Exercise: Give again, word for word, every line in the entries below from the line with "7月6日的WAIC展會(hu" up to and including the line with "Рис. 1. Главная", and no other line.

Data records:
-------------------------

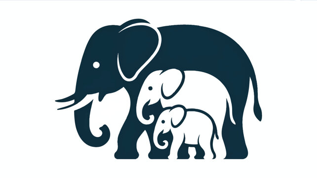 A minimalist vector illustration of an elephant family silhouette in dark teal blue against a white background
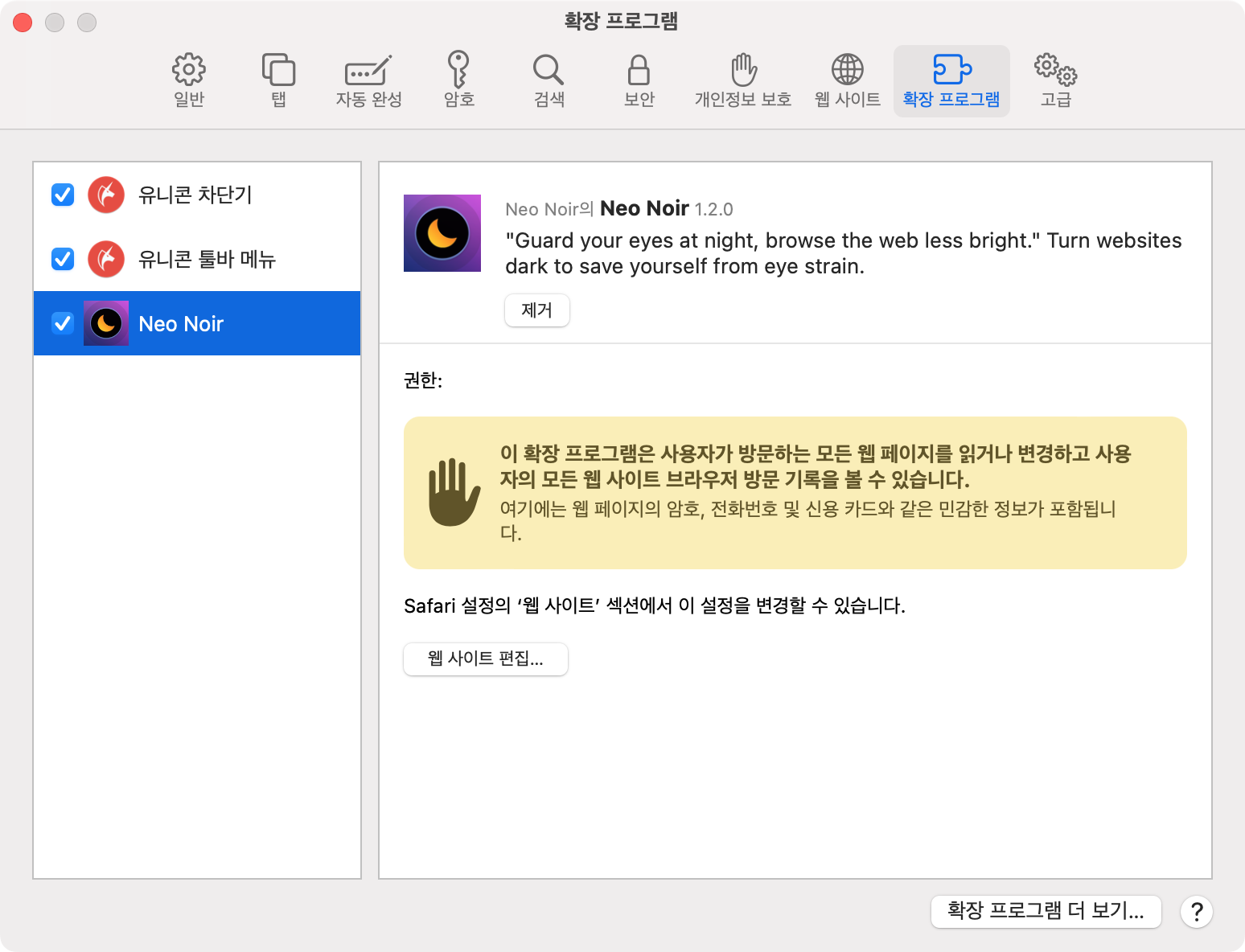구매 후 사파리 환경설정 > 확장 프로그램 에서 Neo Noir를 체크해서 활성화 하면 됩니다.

-------------------------

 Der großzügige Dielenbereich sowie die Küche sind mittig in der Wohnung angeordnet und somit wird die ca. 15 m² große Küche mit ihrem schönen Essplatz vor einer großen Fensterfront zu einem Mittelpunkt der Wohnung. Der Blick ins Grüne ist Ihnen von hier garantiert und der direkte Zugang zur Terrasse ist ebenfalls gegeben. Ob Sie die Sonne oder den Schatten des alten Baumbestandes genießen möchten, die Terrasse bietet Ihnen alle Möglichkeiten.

-------------------------

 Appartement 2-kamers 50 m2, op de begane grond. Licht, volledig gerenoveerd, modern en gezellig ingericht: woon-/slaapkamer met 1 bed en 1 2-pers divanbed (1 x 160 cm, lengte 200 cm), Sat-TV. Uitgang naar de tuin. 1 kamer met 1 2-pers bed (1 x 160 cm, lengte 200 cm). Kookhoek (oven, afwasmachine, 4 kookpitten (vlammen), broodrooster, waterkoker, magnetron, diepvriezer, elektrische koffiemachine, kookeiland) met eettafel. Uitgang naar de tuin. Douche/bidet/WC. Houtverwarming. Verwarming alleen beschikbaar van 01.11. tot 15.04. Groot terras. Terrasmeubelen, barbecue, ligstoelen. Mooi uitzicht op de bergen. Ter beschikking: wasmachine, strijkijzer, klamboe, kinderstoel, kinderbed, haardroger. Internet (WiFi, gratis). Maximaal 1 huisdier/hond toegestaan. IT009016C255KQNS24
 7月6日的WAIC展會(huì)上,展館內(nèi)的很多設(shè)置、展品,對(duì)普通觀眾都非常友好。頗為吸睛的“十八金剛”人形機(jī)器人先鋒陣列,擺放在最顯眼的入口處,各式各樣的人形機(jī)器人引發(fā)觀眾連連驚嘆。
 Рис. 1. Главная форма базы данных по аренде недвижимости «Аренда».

-------------------------

Exercise result:
 7月6日的WAIC展會(huì)上,展館內(nèi)的很多設(shè)置、展品,對(duì)普通觀眾都非常友好。頗為吸睛的“十八金剛”人形機(jī)器人先鋒陣列,擺放在最顯眼的入口處,各式各樣的人形機(jī)器人引發(fā)觀眾連連驚嘆。
 Рис. 1. Главная форма базы данных по аренде недвижимости «Аренда».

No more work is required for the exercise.